═══ Record excerpts ═══

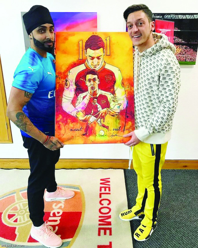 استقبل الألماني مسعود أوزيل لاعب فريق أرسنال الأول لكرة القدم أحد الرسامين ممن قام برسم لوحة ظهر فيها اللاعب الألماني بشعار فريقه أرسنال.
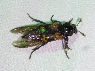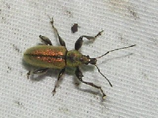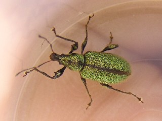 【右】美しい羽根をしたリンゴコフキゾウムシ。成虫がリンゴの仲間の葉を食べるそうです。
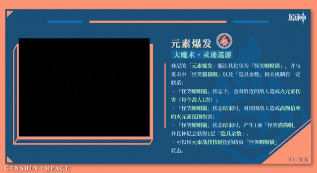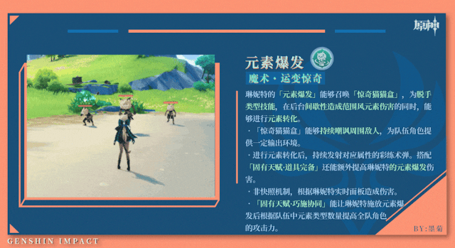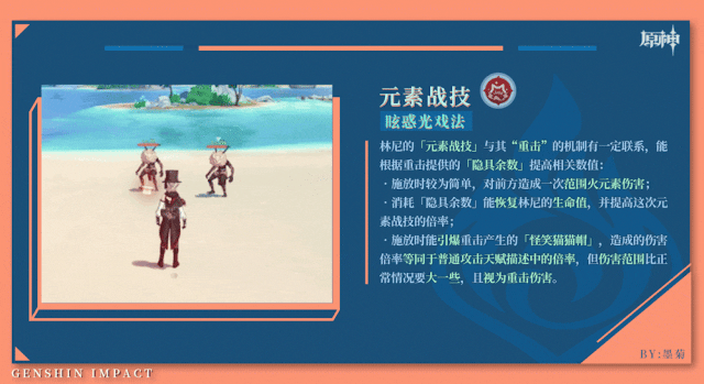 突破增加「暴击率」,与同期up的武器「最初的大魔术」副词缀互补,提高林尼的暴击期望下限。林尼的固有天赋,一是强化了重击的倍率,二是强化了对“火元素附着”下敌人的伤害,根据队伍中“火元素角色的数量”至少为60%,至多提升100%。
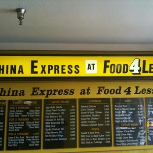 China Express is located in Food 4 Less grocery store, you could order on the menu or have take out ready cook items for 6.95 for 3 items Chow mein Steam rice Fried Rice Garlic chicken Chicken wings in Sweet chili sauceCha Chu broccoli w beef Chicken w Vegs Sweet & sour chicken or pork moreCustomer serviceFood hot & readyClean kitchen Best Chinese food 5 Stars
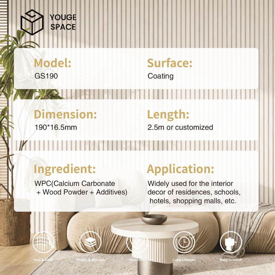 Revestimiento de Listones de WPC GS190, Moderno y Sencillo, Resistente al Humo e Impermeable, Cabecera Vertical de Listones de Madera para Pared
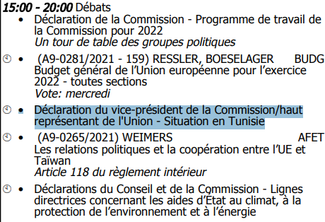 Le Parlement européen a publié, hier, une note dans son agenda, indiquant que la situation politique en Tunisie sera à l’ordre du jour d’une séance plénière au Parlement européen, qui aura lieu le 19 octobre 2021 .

═══
═══ Record excerpts ═══

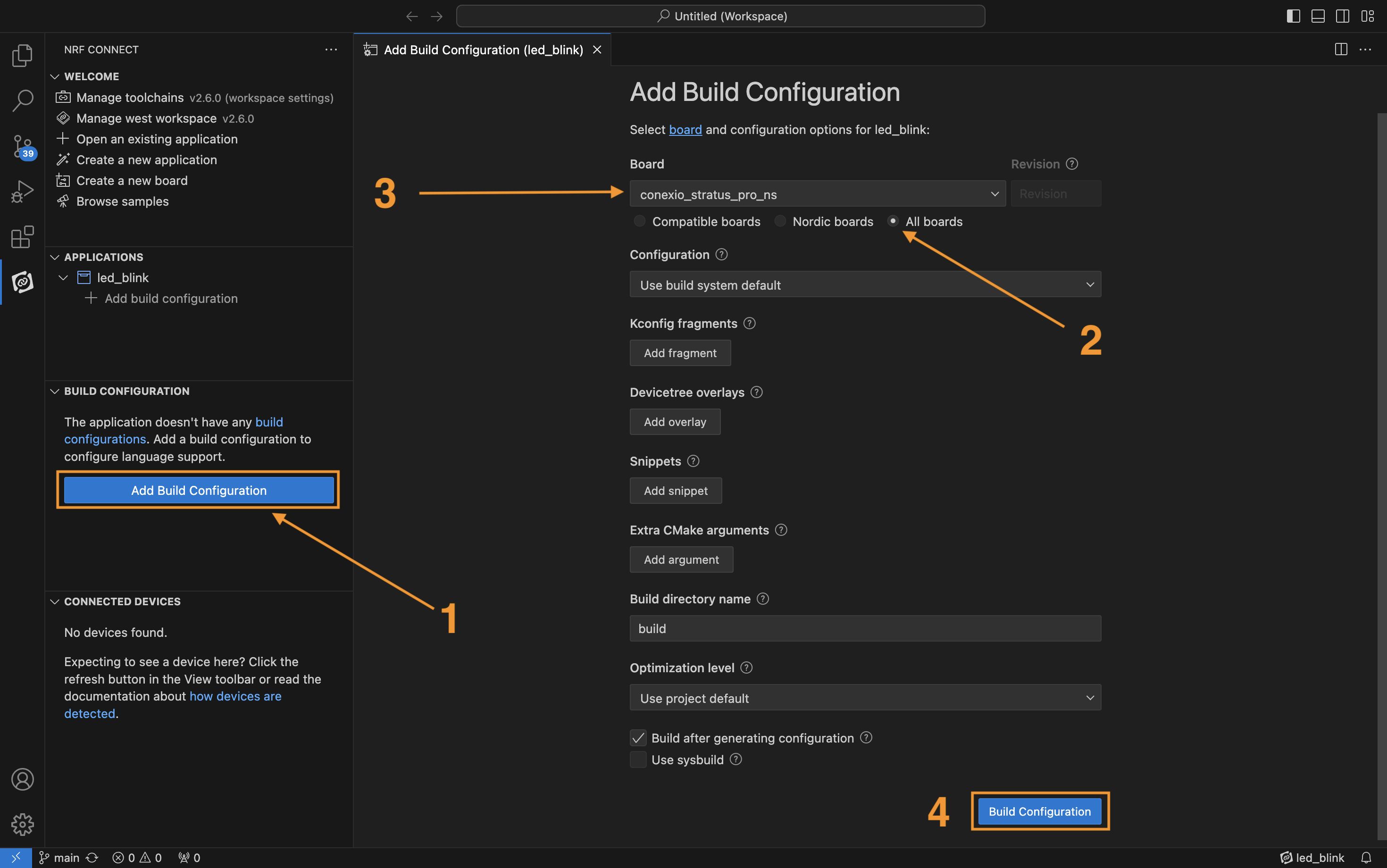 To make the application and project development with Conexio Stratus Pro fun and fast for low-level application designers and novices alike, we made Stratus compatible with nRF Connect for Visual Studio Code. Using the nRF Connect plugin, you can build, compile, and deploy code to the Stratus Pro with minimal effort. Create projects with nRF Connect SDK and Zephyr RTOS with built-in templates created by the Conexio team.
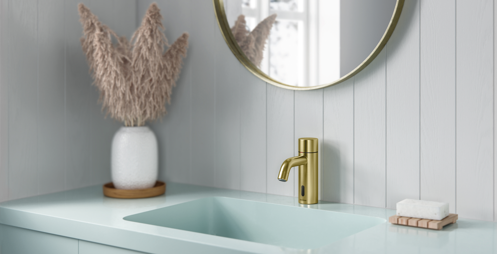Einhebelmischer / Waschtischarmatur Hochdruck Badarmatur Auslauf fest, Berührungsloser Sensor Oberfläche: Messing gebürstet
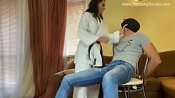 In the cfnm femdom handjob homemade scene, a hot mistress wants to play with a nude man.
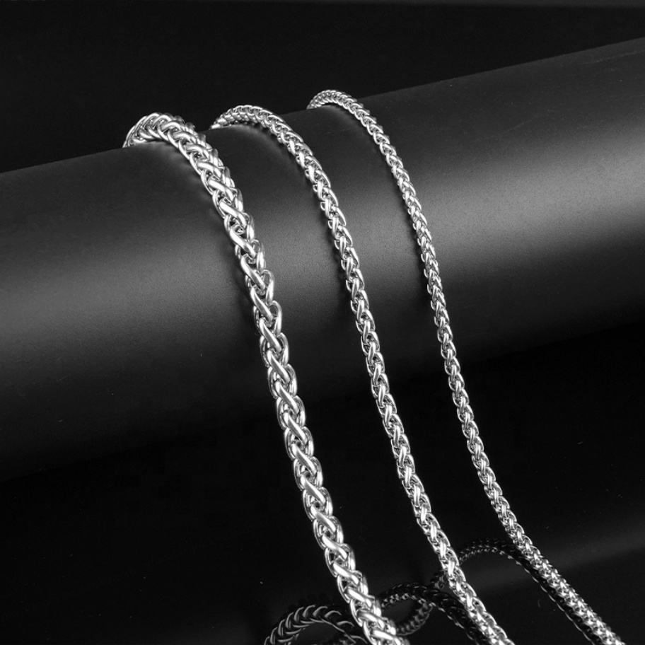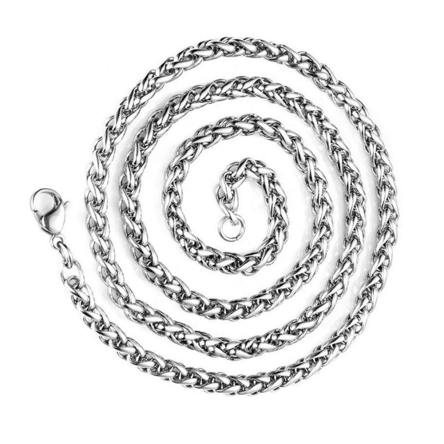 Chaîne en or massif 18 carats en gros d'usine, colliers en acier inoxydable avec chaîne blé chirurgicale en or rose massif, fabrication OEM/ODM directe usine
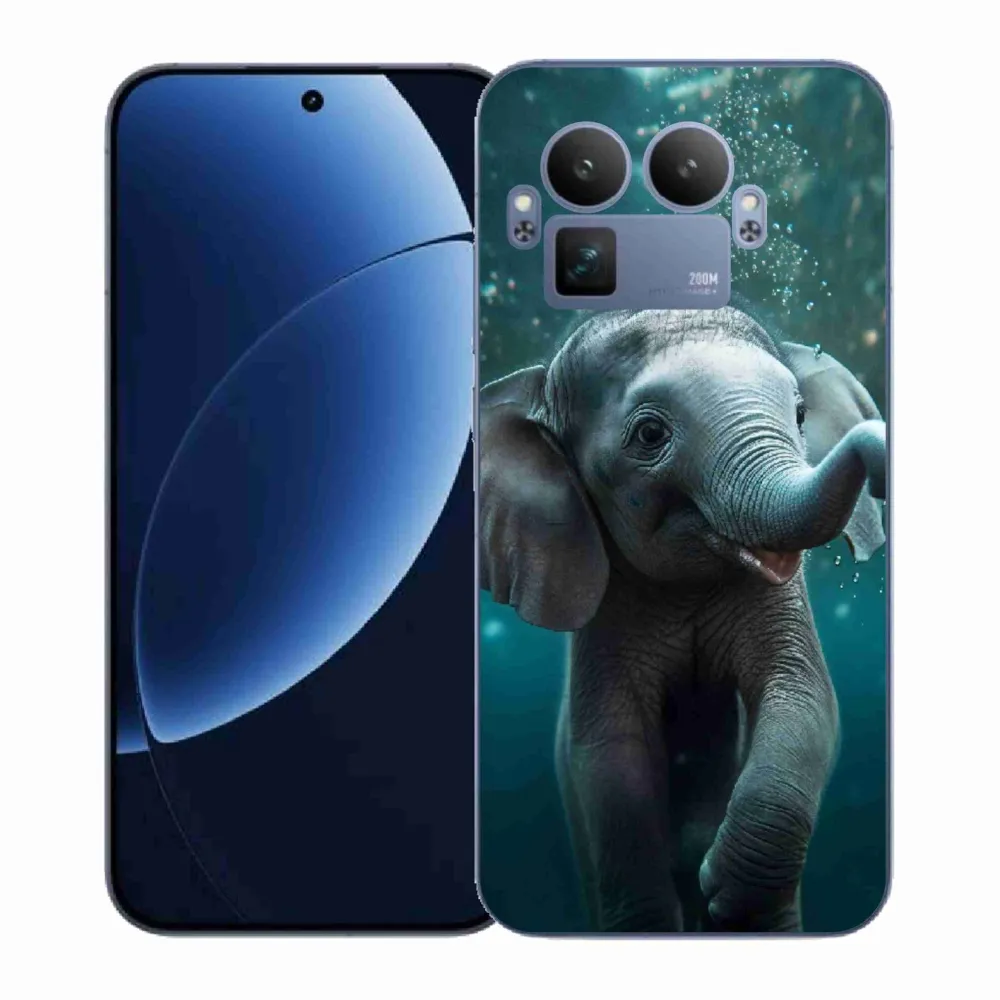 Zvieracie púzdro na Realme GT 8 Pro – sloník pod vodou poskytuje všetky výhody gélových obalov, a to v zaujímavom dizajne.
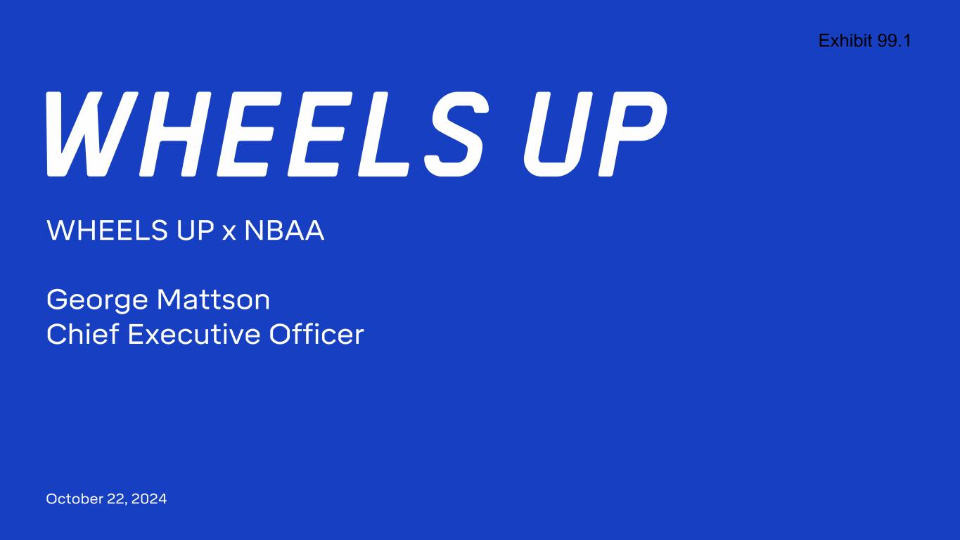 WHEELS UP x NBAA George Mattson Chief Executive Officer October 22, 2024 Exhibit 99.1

═══
═══ Record excerpts ═══

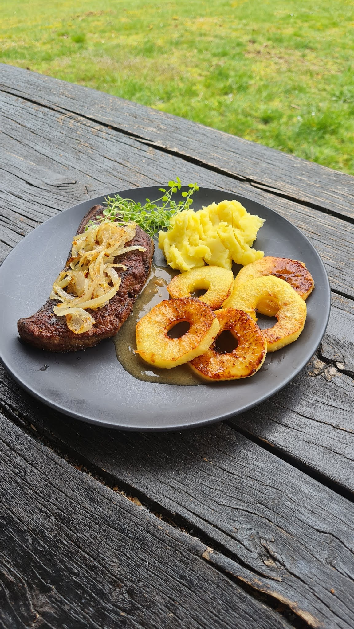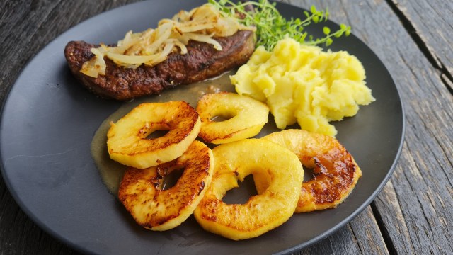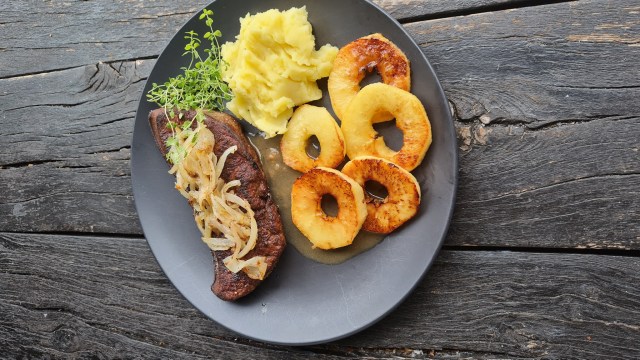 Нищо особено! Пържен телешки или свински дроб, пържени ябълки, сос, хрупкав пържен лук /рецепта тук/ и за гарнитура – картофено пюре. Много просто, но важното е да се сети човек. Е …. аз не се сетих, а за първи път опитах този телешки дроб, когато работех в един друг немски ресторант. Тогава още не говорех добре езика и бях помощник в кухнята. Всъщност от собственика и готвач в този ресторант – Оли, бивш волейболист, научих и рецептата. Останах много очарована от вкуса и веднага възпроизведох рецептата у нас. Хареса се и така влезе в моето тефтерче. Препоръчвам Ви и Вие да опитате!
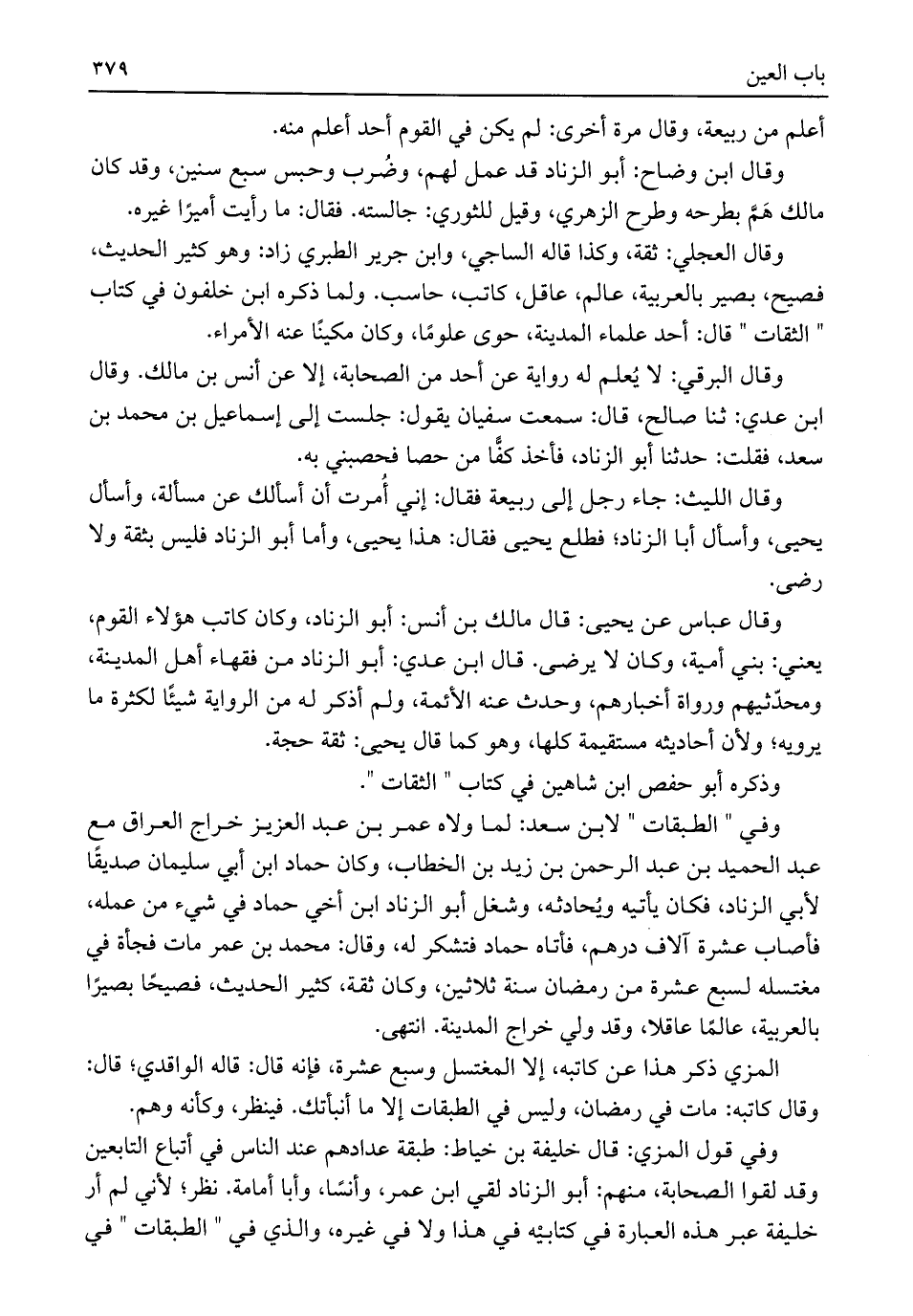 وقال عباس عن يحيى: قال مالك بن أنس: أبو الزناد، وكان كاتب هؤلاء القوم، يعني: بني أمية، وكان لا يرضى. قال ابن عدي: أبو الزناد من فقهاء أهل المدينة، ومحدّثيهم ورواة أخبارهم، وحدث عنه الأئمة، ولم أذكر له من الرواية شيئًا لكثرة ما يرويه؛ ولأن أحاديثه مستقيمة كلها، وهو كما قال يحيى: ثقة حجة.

═══

● Problem statement
Repeat, word for word, the lines of the material above from the one holding "Einhebelmischer / Waschtischarmatur" through the one holding "Zvieracie púzdro na". Leave out pictures.

● Completed exercise
Einhebelmischer / Waschtischarmatur Hochdruck Badarmatur Auslauf fest, Berührungsloser Sensor Oberfläche: Messing gebürstet
 In the cfnm femdom handjob homemade scene, a hot mistress wants to play with a nude man.
 Chaîne en or massif 18 carats en gros d'usine, colliers en acier inoxydable avec chaîne blé chirurgicale en or rose massif, fabrication OEM/ODM directe usine
 Zvieracie púzdro na Realme GT 8 Pro – sloník pod vodou poskytuje všetky výhody gélových obalov, a to v zaujímavom dizajne.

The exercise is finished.